時間:2,對於兩個子序列,我們將一個14天的窗口分割爲。
行:1,表示每個子序列的一維形狀。
列:7,表示每個子序列中的七天。
通道:1,對於作爲輸入的單個特性。
您可以研究其他配置,比如將21天的輸入分成三個7天的子序列,並/或提供所有8個特性或通道作爲輸入。我們現在可以爲ConvLSTM2D模型準備數據。首先,我們必須將訓練數據集重塑爲[樣本、時間步長、行、cols、通道]的預期結構。
# reshape into subsequences [samples, time steps, rows, cols, channels]
train_x = train_x.reshape((train_x.shape[0], n_steps, 1, n_length, n_features))
然後,我們可以將編碼器定義爲一個ConvLSTM隱藏層,然後是一個準備解碼的平坦層。
model.add(ConvLSTM2D(filters=64, kernel_size=(1,3), activation='relu', input_shape=(n_steps, 1, n_length, n_features)))
model.add(Flatten())
我們還將參數化子序列的數量(n_steps)和每個子序列的長度(n_length),並將它們作爲參數傳遞。模型的其餘部分和訓練是相同的。帶有這些更改的build_model()函數如下所示。
# train the model
def build_model(train, n_steps, n_length, n_input):
# prepare data
train_x, train_y = to_supervised(train, n_input)
# define parameters
verbose, epochs, batch_size = 0, 20, 16
n_timesteps, n_features, n_outputs = train_x.shape[1], train_x.shape[2], train_y.shape[1]
# reshape into subsequences [samples, time steps, rows, cols, channels]
train_x = train_x.reshape((train_x.shape[0], n_steps, 1, n_length, n_features))
# reshape output into [samples, timesteps, features]
train_y = train_y.reshape((train_y.shape[0], train_y.shape[1], 1))
# define model
model = Sequential()
model.add(ConvLSTM2D(filters=64, kernel_size=(1,3), activation='relu', input_shape=(n_steps, 1, n_length, n_features)))
model.add(Flatten())
model.add(RepeatVector(n_outputs))
model.add(LSTM(200, activation='relu', return_sequences=True))
model.add(TimeDistributed(Dense(100, activation='relu')))
model.add(TimeDistributed(Dense(1)))
model.compile(loss='mse', optimizer='adam')
# fit network
model.fit(train_x, train_y, epochs=epochs, batch_size=batch_size, verbose=verbose)
return model
該模型期望五維數據作爲輸入。因此,在進行預測時,我們還必須更新forecast()函數中單個樣本的準備。
# reshape into [samples, time steps, rows, cols, channels]
input_x = input_x.reshape((1, n_steps, 1, n_length, 1))
下面提供了帶有此更改和參數化子序列的forecast()函數。
# make a forecast
def forecast(model, history, n_steps, n_length, n_input):
# flatten data
data = array(history)
data = data.reshape((data.shape[0]*data.shape[1], data.shape[2]))

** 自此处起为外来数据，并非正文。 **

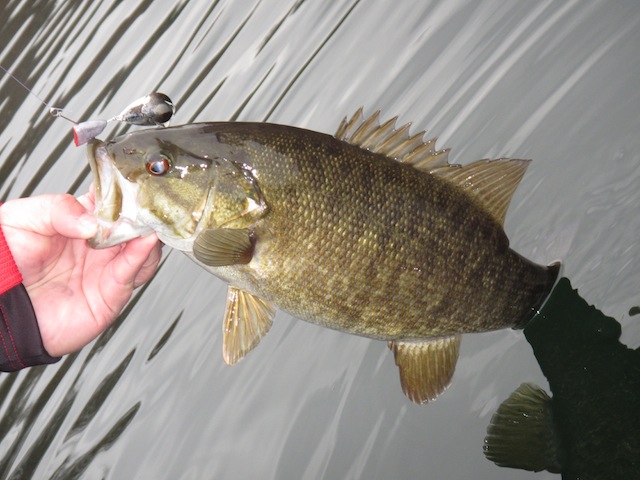 2014-12-05 - Dale Hollow Lake - Photo by Lee McClellan. This smallmouth bass fell for a tailspinner last Monday in Dale Hollow Lake. Tailspinners are one of the most effective winter lures for black bass in reservoirs. They also fool walleye and sauger below locks and dams during the cold months.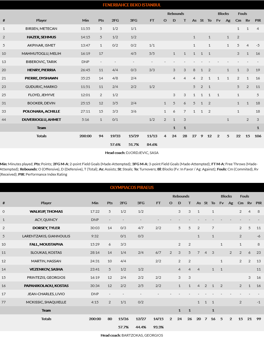 Olympiacos did not reach their usual standards and was defeated in Istanbul by Fenerbahce 80-94 for the 20th Euroleague round.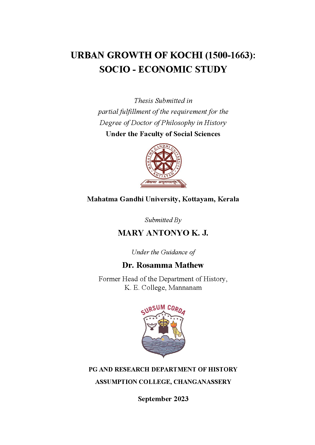 Urban growth of Kochi (1500-1663): socio - economic study Urban growth of Kochi Urbanization Emergence of the Port Town Native Cities Colonial port Cities Port City and the Urban Morphology Theoretical Framework Area and Period of Study Purpose and Objective of the study Statement of the Problem Research Methodology Hypothesis Review of Literature Survey of Sources Proposed Chapterisation Rise of Kochi as the Capital of the Kingdom of Kochi Foreign Travellers’ Accounts of Kochi kochi under the Portugese Attempts for the Discovery of Direct Sea-Route to India Preparations for the Voyage to India Explorative Voyage of Vasco Da Gama Vasco Da Gama’s First Meeting with the Zamorin Arrival of Álvares Cabral to India Arrival of Cabral at Kochi Administration in the Portuguese Factory at Kochi Origin of the Latin Christian Community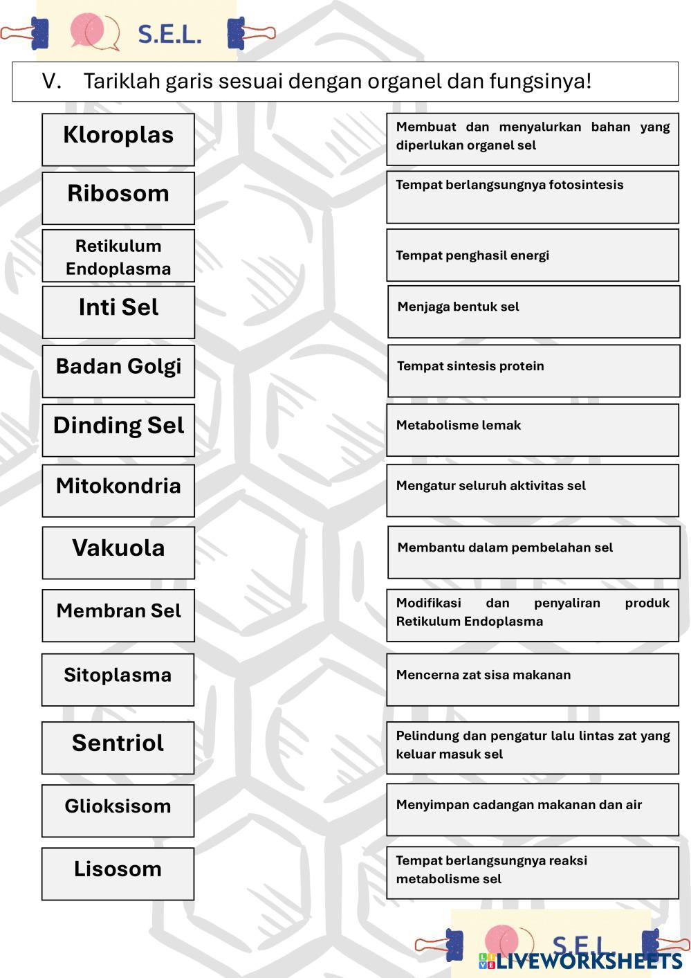 Created byMaissy Ilmu Pengetahuan Alam (IPA) Sel hewan dan sel tumbuhan Age 12-18 level: 8 Indonesian Author's Instructions Sel Hewan dan Sel Tumbuhan My Google Classroom Courses × 0 classes selected (0 students total) Quick Access Select all classes (0 classes) All Classes Loading courses... Cancel Share Share to selected Course __COURSE_NAME__ __STUDENT_NAME__ (__STUDENT_EMAIL__) LKPD SEL HEWAN DAN SEL TUMBUHAN Download Worksheet Validation Check my answers Emails my answers to my teacher Full name Group/level School subject Teacher's email or key code Close Submit Validating worksheet... (12) Your answers have been sent to your teacher. Good luck! OK We encountered an error submitting your answers. Please try again. OK Advertisement | Go Ad Free Created byMaissy Ilmu Pengetahuan Alam (IPA) Sel hewan dan sel tumbuhan Age 12-18 level: 8 Indonesian Author's Instructions Sel Hewan dan Sel Tumbuhan

# retrieve last observations for input data
input_x = data[-n_input:, 0]
# reshape into [samples, time steps, rows, cols, channels]
input_x = input_x.reshape((1, n_steps, 1, n_length, 1))
# forecast the next week
yhat = model.predict(input_x, verbose=0)
# we only want the vector forecast
yhat = yhat[0]
return yhat
# univariate multi-step encoder-decoder convlstm
from math import sqrt
from numpy import split
from numpy import array
from pandas import read_csv
from sklearn.metrics import mean_squared_error
from matplotlib import pyplot
from keras.models import Sequential
from keras.layers import Dense
from keras.layers import Flatten
from keras.layers import LSTM
from keras.layers import RepeatVector
from keras.layers import TimeDistributed
from keras.layers import ConvLSTM2D
# split a univariate dataset into train/test sets
def split_dataset(data):
# split into standard weeks
train, test = data[1:-328], data[-328:-6]
# restructure into windows of weekly data
train = array(split(train, len(train)/7))
test = array(split(test, len(test)/7))
return train, test
# evaluate one or more weekly forecasts against expected values
def evaluate_forecasts(actual, predicted):
scores = list()
# calculate an RMSE score for each day
for i in range(actual.shape[1]):
# calculate mse
mse = mean_squared_error(actual[:, i], predicted[:, i])
# calculate rmse
rmse = sqrt(mse)
# store
scores.append(rmse)
# calculate overall RMSE
s = 0
for row in range(actual.shape[0]):
for col in range(actual.shape[1]):
s += (actual[row, col] - predicted[row, col])**2
score = sqrt(s / (actual.shape[0] * actual.shape[1]))
return score, scores
# summarize scores
def summarize_scores(name, score, scores):
s_scores = ', '.join(['%.1f' % s for s in scores])
print('%s: [%.3f] %s' % (name, score, s_scores))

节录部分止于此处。